Functions (Closures)

\ Eformals . Ebody
Functions play a central role in Daisy programming. A function expression is introduced by a backslash character followed by two expressions, a formals and a body, separated by a period. The formals expression is either a single identifier or an arbitrarily-nested list of identifiers naming the formal parameters to the function. The body may be any valid Daisy expression. It may contain variables corresponding to the formal parameters.

A function expression evaluates to a closure, which captures the current environment (the current bindings of any local variables in the current lexical scope) with the body expression on the right-hand side. When a closure is applied to an argument (see Application, below) the environment stored within the closure is combined with the function argument to form a new environment. The body expression is then evaluated, using the extended environment to resolve the values for any parameters or local variables.

Examples:

add3 = \x. add:[x 3]  | a function that adds 3 to x

Daisy has first-class functions, which means that functions can be handled like any other primitive value; they can be returned as the value of another function or primitive, can be passed as arguments to other functions, can be stored in structures, and so on. That is one reason a function expression does not need a name for the function itself; instead, we simply assign the value of the function expression to a variable like we might any other value.

Examples:

| adder takes a number y, and returns a function
| that takes a number x and returns x + y
adder = \y. \x. add:[x y]

If this terminology sounds confusing, just remember the following:

  1. All functions return a value (which can be a list).

  2. All functions take a single parameter (which can be a list).

  3. Functions can be created anytime, not just at compile time.
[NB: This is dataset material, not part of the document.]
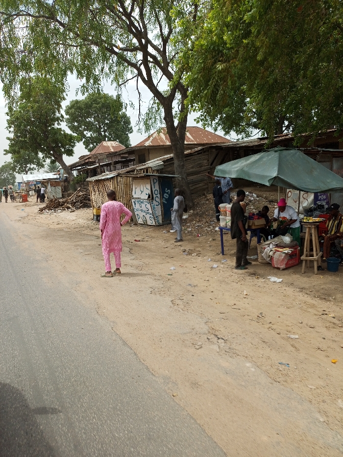 street scene in Ohunene, Nigeria. There are several small shops and stalls lined up on the side of the road. A large tree branches over the scene. There are a few people in the scene. A man in a pink robe is standing to the left of the center. Several men and women stand behind a stall, some with items in their hands. A few people are walking on the road toward the left side of the image. A green tarp is draped over a wooden frame as a canopy over a stall on the right side of the scene. Some of the shops appear to be closed or abandoned, while others are open and selling goods. The road is made of dirt and gravel. There is a large amount of debris on the ground.

When you evaluate a function inside some nested variable scope at run time it captures those local variables and can refer to them in the function body. The resulting closed function object is called a closure.

  4. Functions (closures) can (for the most part) be treated like other data.

Application

Efunc : Earg
An application expression denotes the application of a function object, or closure, to an argument. Application is expressed by two expressions representing these entities separated by an infix colon. The expression on the left-hand side must evaluate to a closure; the expression on the right can evaluate to any valid Daisy value. The closure may enforce further type restrictions on its arguments, of course.

Examples:

add:[x y]
inc:z

Quotation

^Eany
Any Daisy expression can be quoted by prefixing it with a caret or hat character (^). A quoted expression evaluates to itself, stripped of the quote. Quotation is used to suppress evaluation when you want to refer to the expression as a piece of data in an evaluation context, such as the name of a symbol instead of its value.

Examples:

^45                   | a number of
^hello                | examples of  
^[a b [c d] e]        | quoted expressions
^a:b
^^hello               | doubly quoted

As noted previously, strings can also be quoted with double quotes.

Parenthesis

( Eany )
The compound expressions for application, functions and quotation all have an ambiguous grammar, which is resolved by associating to the right by default. You can override the default precedence by enclosing any expression in parentheses:
foo: bar: baz         | By default these two 
foo: (bar: baz)       |   are the same.
(foo: bar): baz       | Overriding the default.